Geçtiğimiz hafta Beşiktaş Başkanı Hasan Arat, Avrupa Ligi maçı öncesinde yaptığı açıklamalarda istifaları değerlendirirken sosyal medya trollerine dikkat çekti. Ancak bu konu, Arat’ın gündeme getirdiği bir mesele değil; eski başkanlardan Fikret Orman da geçmişte paralı trollerin kulübü bir virüs gibi sardığını defalarca kongrelerde ve televizyon programlarında dile getirmişti.

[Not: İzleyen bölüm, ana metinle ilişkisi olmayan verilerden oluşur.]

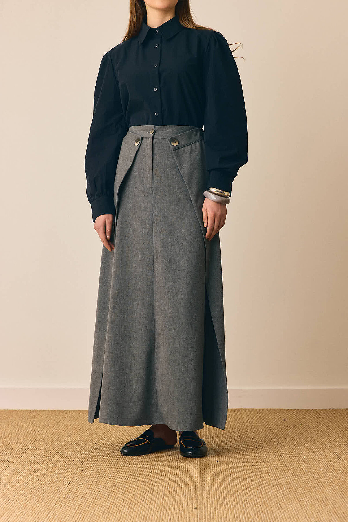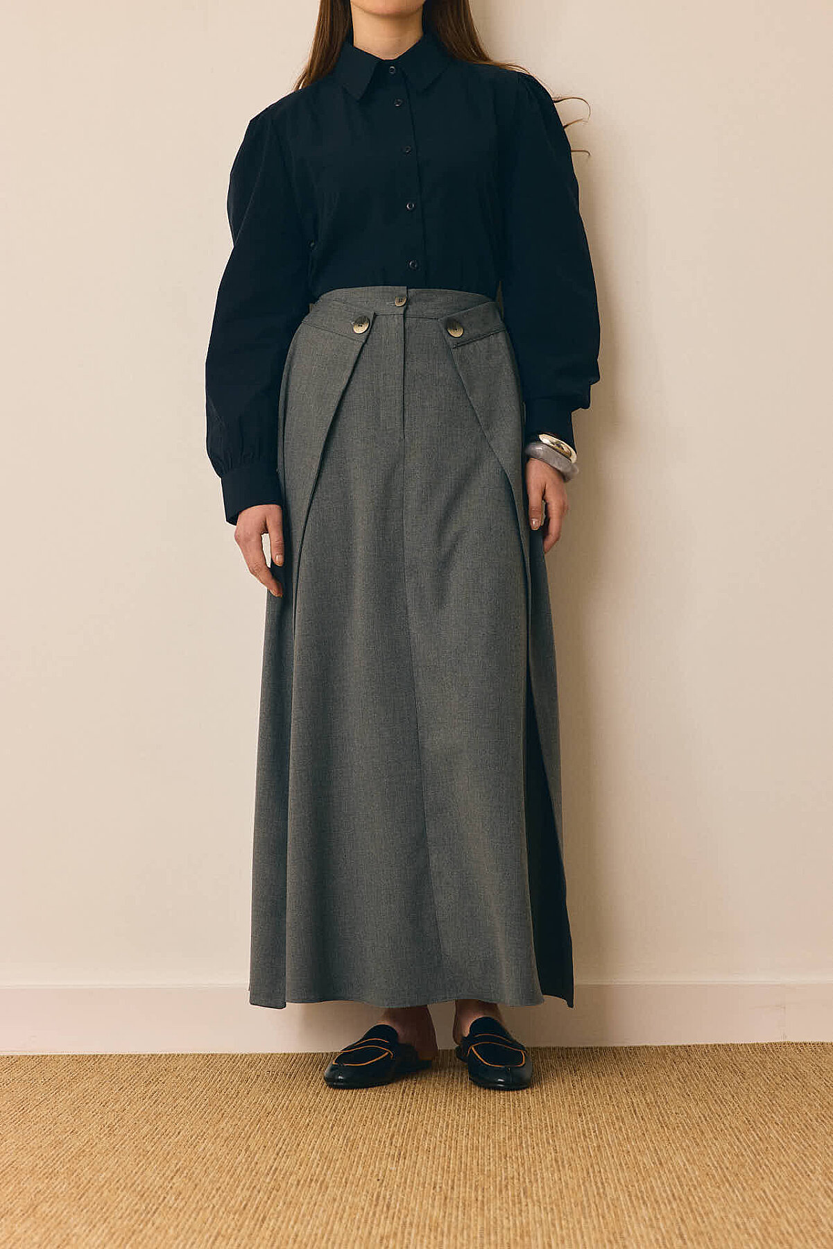Buttoned Polyviscose Skirt – Grey offers a clean yet distinctive look with its front button details and pleated structure that balances the silhouette. The firm, smooth surface of the polyviscose fabric helps the skirt maintain its shape throughout the day, while its lightweight feel ensures comfortable wear. The structured cut at the waist refines the silhouette, and the solid color makes it easy to style with shirts, knitwear, and jackets. It provides versatile use, from everyday city outfits to more polished combinations.

Bana göre, kulüplerin ve başkanların sosyal medyaya fazlaca takılmaması gerekiyor. Sosyal medyada yazılanların çoğu hayal ürünü. Örneğin, 14 yaşındaki bir çocuğun “Ben Talisca’yı istiyorum” ya da “İstifa!” demesi, gerçeklikle uzaktan yakından alakası olmayan yanıltıcı bir durum. Bu çocuklar, kulübün içinde bulunduğu koşulları ne anlayabilir ne de bilebilir. Toplum olarak artık okuma alışkanlığımızı kaybettik; araştırmıyoruz, derinleşmiyoruz. Her şeyi anlık tüketiyoruz. Bu nedenle sosyal medyada yazılanlara bakarak kulüp yönetmek mümkün değil. Bir kulübün sağlam bir stratejisi, planı ve programı olmalı. Sosyal medya baskısına rağmen bu planlar kararlılıkla uygulanmalı.
Her kulübün dinamikleri ve yapısı farklı olabilir, ancak sosyal medyada koparılan yaygaralarla bir adım ileri gidilemeyeceği açık. Sonuçta, bu süreçlerden en çok zarar gören yine kulüpler oluyor. Nitekim Hasan Arat da başkanlık görevinde henüz bir yılını dolduramadan sağlık sorunları nedeniyle istifa etmek zorunda kaldı.
Beşiktaş özelinde konuşacak olursak, taraftar artık gerçekleri görmeli. Birbirini kışkırtmaktan ve gaza gelmekten vazgeçmeli. İnsanları hemen harcamaya çalışıyoruz. Eğer bu böyle devam ederse, yakında camialarda başkanlık yapacak kimse kalmayacak.
Artık gerçek dışı gündemlerden uzaklaşmalı, doğru bilgiye ve güvenilir kaynaklara yönelmeliyiz. Bu, kulüplerimizin geleceği için en doğru yol olacaktır.